Segment Open

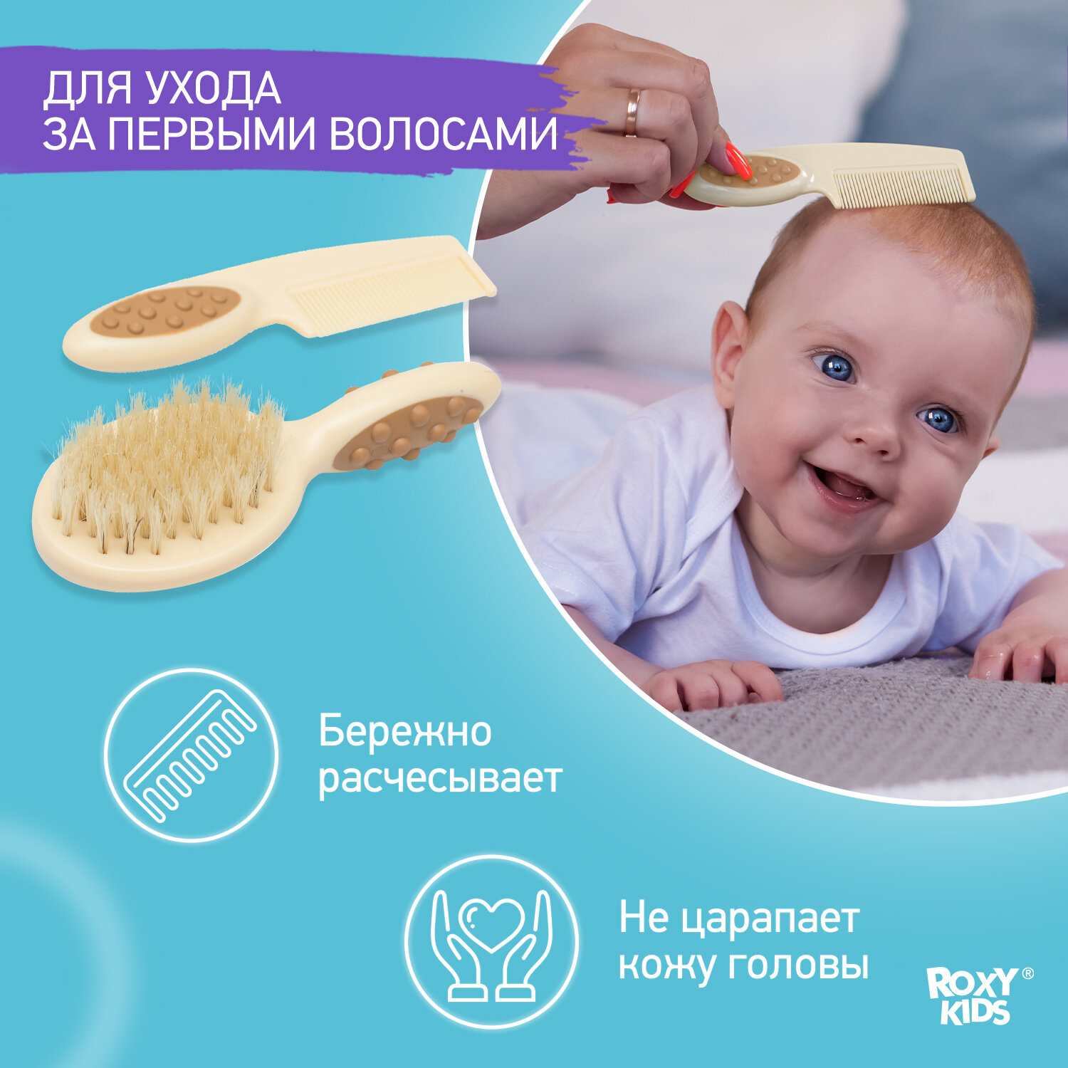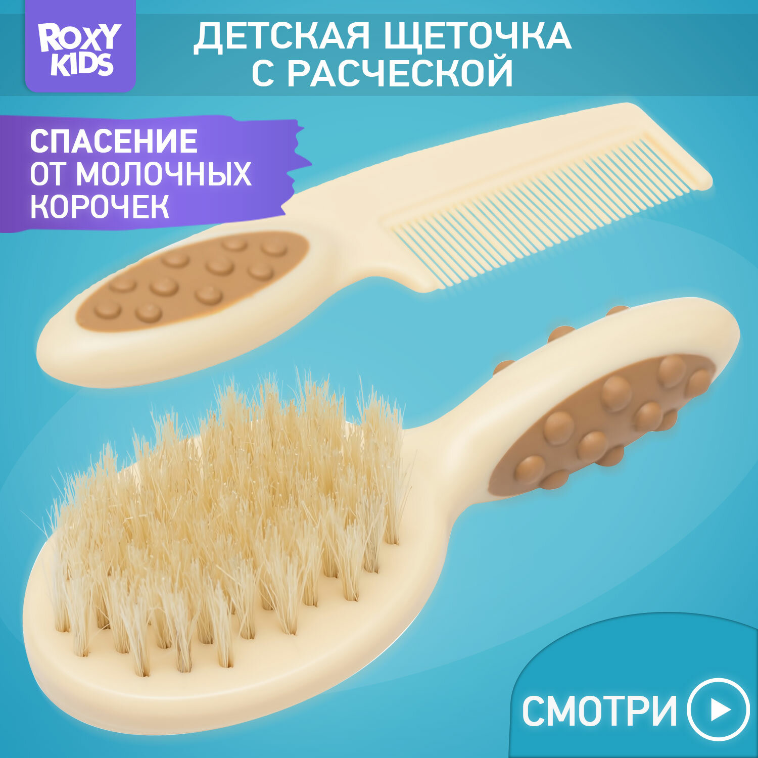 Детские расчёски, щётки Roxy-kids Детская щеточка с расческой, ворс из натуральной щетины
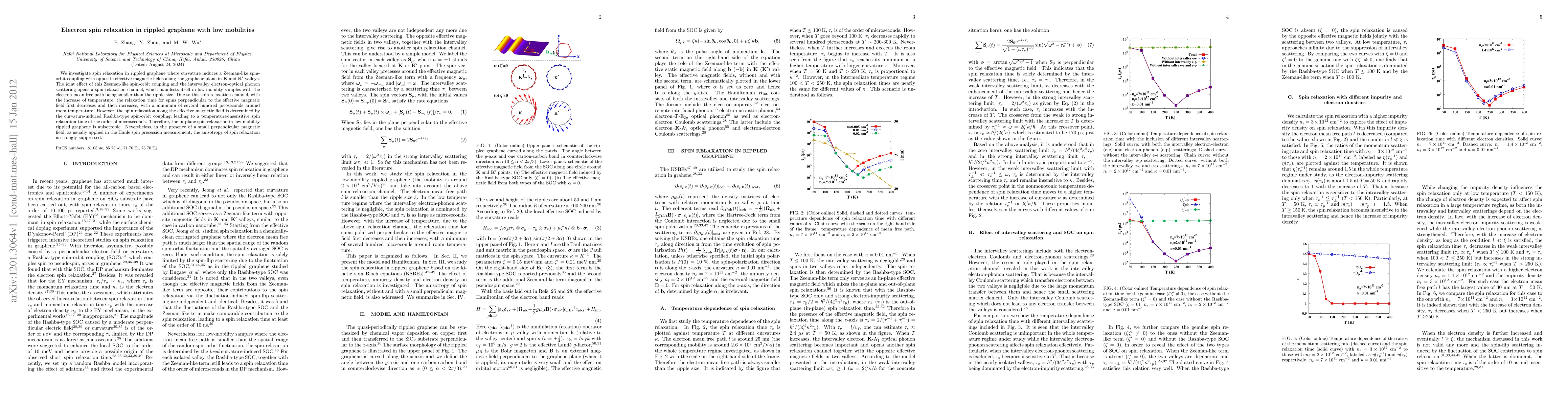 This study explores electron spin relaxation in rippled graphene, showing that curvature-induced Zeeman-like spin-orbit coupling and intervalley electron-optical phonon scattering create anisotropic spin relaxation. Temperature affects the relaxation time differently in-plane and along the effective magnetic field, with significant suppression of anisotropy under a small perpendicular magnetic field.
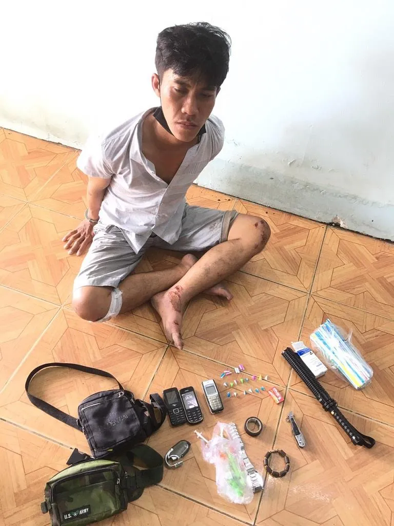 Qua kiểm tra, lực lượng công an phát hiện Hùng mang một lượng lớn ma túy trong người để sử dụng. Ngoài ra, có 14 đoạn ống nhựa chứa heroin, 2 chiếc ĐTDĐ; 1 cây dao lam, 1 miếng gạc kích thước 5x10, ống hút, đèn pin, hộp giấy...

Segment Closed

REQUIREMENT —
The listing is to be repeated word for word, with all pictures omitted.

RESULT OF THE TASK —
 Детские расчёски, щётки Roxy-kids Детская щеточка с расческой, ворс из натуральной щетины
 This study explores electron spin relaxation in rippled graphene, showing that curvature-induced Zeeman-like spin-orbit coupling and intervalley electron-optical phonon scattering create anisotropic spin relaxation. Temperature affects the relaxation time differently in-plane and along the effective magnetic field, with significant suppression of anisotropy under a small perpendicular magnetic field.
 Qua kiểm tra, lực lượng công an phát hiện Hùng mang một lượng lớn ma túy trong người để sử dụng. Ngoài ra, có 14 đoạn ống nhựa chứa heroin, 2 chiếc ĐTDĐ; 1 cây dao lam, 1 miếng gạc kích thước 5x10, ống hút, đèn pin, hộp giấy...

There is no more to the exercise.